An incompressible liquid is filled in a container. There is air above the liquid and a massless movable piston with a hole is also placed on the air. A thin capillary tube of inner radius 0.1 mm is dipped vertically into the liquid through the hole on the piston as shown in the figure. The air in the container is isothermally compressed from the original volume V₀ to \(\frac{100}{101}\)V₀ with the movable piston. Considering air as an ideal gas, the height (h) of the liquid column in the capillary above the liquid level in cm is:

(given T_water =0.075N/m, P₀=10⁵N/m² , g=10m/sec²,  \(\rho l\)=10³ kg/m³, \(\theta=0\))

Answer 1

Correct Answer: 25

 

Pressure-Volume Relation and Height Calculation

Given that \( T \) is constant: \[ PV = \text{constant} \]

From this, we get the relation between pressure and volume: \[ P \propto \frac{1}{V} \]

If the volume changes by a factor of \( \frac{100}{101} \), the pressure changes by a factor of \( \frac{101}{100} \).
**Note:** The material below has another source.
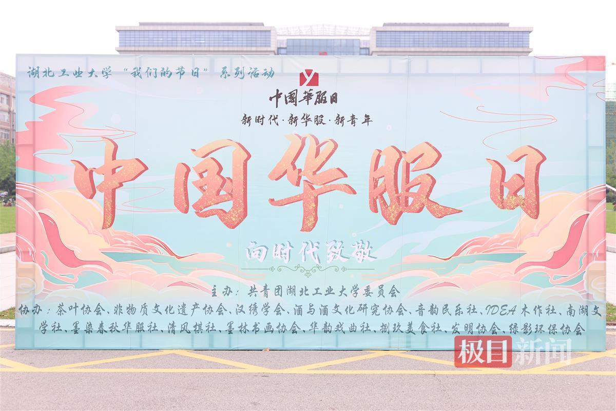 着华服,品美酒,饮清茶,投壶,下围棋……近日,湖北工业大学第一届“中国华服日”嘉年华在图书馆广场举办。据悉,本次嘉年华共有13个社团展演。在这个春光明媚的日子里,该校学子共同感受中华传统文化的魅力,共筑文化自信。

Thus, the pressure becomes: \[ P_f = 1.01 \times P_0 \]

The equation for the pressure difference is: \[ P_0 - \frac{2T}{R} = 1.01 P_0 - \rho g h \]

Rearranging this to solve for \( \rho g h \): \[ \rho g h = 0.01 P_0 + \frac{2T}{R} \]

Now, substituting the given values: \[ (10^3)(10)h = (0.01)(10^5) + \frac{2 \times 0.075}{0.1 \times 10^{-3}} \]

Solving for \( h \): \[ h = \frac{2500}{10^4} \, \text{m} = 25 \, \text{cm} \]